Итак, Зазеркалье попыталось жить собственной, независимой как от Тролля, так и от обычного здравого смысла, жизнью — если таковой можно считать гальванические судороги кадавра. Тень вырвалась на свободу и сразу решила установить где её прирождённое место. А ведь в первой трети века ей достаточно наглядно показали «что такое хорошо и что такое плохо», подкрепив демонстрацию убедительными примерами. Те в зазеркалье, кто выжили, научились лизать, кто за страх, а кто и за совесть. Даже вылизывание Тролля может стать предметом прикладного искусства — тут главное найти для себя подходящее оправдание: мол, если не я, то кто же; или — лучше я, чем кто-нибудь другой; или — настоящий мастер и здесь найдёт место для творчества, может быть, в конце концов, Тролль под нашим воздействием переродится, скажем в горного оленя или в белого медведя (?); или — главное, чтобы не было войны и т. д. И, как уж принято, не было этим лизунам «числа и клички».

С другой стороны, была небольшая, но достаточно мощная группа, последовательно отрицавшая коллаборационизм первой и вслух утверждавшая, что то, что у нас есть — Тролль и никаким вылизываниями его в белого лебедя не превратить, что дурно-де лизать Тролля и т. п. Ну и как водится, были третьи, предлагавшие: «А давайте представим себе, что Тролля нет вообще или что для наших размышлений он никакой роли не играет!»

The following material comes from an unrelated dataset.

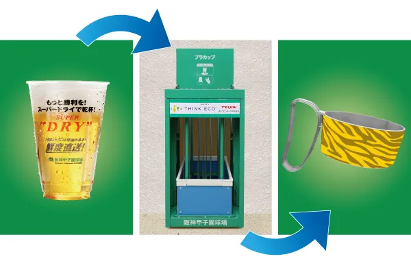 2012年から、球場内で使用後のポリエステル製ビール用プラスチックカップを、帝人フロンティア(株)と共同で分別回収し、球場イベントで配布されるノベルティなどにリサイクルする取組みを行ってきました。お客様に向けた回収協力の呼びかけを強化すること等により、現在約25%(約7トン)である回収率を更に向上させ、リサイクル製品の用途拡大を図ります。

Когда Тролль отошёл в мир иной (интересно, а что является миром иным для Тролля, если он всё же не понарошку смертен?), все три составные части Зазеркалья остались в полнейшем недоумении; для первых во всём гнусном критическом реализме встал вопрос: кто же будет теперь кормить, холить и лелеять — исчез ведь не просто Тролль как объект вылизывания, а смысл жизни! Аналогично подрастерялись и диссиденты — бороться—то уже не с кем, а что делать после борьбы они как-то не часто задумывались, не очень-то и в победу верилось. Даже третьи, божьи одуванчики, всполошились: «Мы ведь только предполагали , что тролля нет». Одно дело кажущееся отсутствие тюремных стен, а другое — реальное пробуждение на пронизанной холодным ветром свободе.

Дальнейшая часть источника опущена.